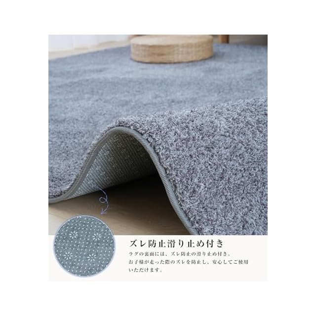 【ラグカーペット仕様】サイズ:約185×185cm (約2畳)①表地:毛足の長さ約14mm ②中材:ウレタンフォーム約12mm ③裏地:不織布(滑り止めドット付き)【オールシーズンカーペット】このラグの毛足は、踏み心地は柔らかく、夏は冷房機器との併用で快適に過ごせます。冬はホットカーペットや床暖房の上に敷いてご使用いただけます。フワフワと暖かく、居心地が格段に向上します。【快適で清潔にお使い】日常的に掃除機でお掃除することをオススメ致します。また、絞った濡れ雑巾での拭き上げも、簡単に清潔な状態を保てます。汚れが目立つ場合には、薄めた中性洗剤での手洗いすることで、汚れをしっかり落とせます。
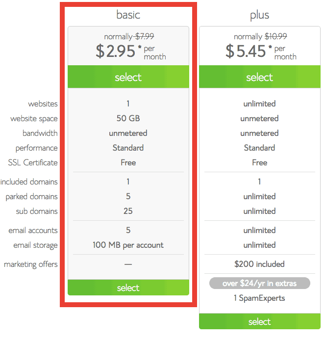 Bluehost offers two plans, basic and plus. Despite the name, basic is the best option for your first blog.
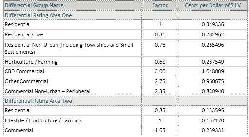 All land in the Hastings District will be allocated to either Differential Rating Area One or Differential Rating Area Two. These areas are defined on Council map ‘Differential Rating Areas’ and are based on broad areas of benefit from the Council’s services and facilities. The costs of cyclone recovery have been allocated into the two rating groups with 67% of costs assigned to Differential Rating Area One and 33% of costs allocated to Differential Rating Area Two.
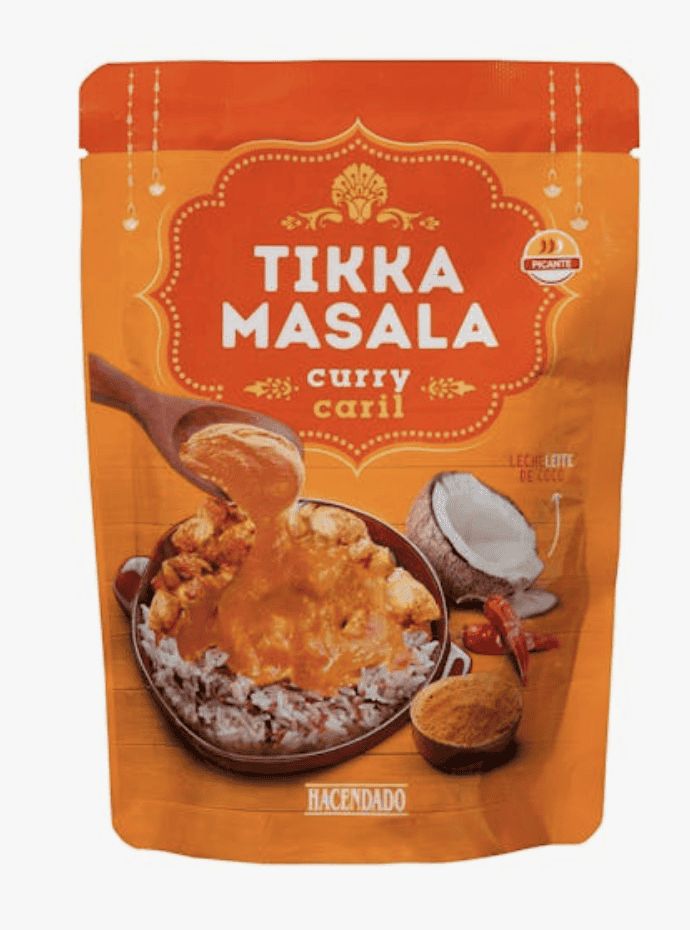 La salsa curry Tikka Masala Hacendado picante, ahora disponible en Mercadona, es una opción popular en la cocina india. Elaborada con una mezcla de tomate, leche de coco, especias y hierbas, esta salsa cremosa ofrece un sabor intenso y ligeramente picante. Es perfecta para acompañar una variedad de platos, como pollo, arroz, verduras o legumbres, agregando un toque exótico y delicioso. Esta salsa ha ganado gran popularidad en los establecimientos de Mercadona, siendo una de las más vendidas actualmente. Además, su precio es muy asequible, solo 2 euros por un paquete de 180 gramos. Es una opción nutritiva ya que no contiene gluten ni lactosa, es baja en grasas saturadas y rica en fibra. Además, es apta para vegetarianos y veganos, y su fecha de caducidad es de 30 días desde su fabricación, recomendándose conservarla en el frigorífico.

==

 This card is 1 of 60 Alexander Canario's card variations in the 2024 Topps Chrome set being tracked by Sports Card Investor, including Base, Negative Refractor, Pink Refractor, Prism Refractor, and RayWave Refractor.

■ EXERCISE AIM:
Although pictures appear among the entries, please set down only the lines from the one with "Bluehost offers two" up to and including the one with "All land in", word for word.

■ SOLUTION TO THIS PROBLEM:
 Bluehost offers two plans, basic and plus. Despite the name, basic is the best option for your first blog.
 All land in the Hastings District will be allocated to either Differential Rating Area One or Differential Rating Area Two. These areas are defined on Council map ‘Differential Rating Areas’ and are based on broad areas of benefit from the Council’s services and facilities. The costs of cyclone recovery have been allocated into the two rating groups with 67% of costs assigned to Differential Rating Area One and 33% of costs allocated to Differential Rating Area Two.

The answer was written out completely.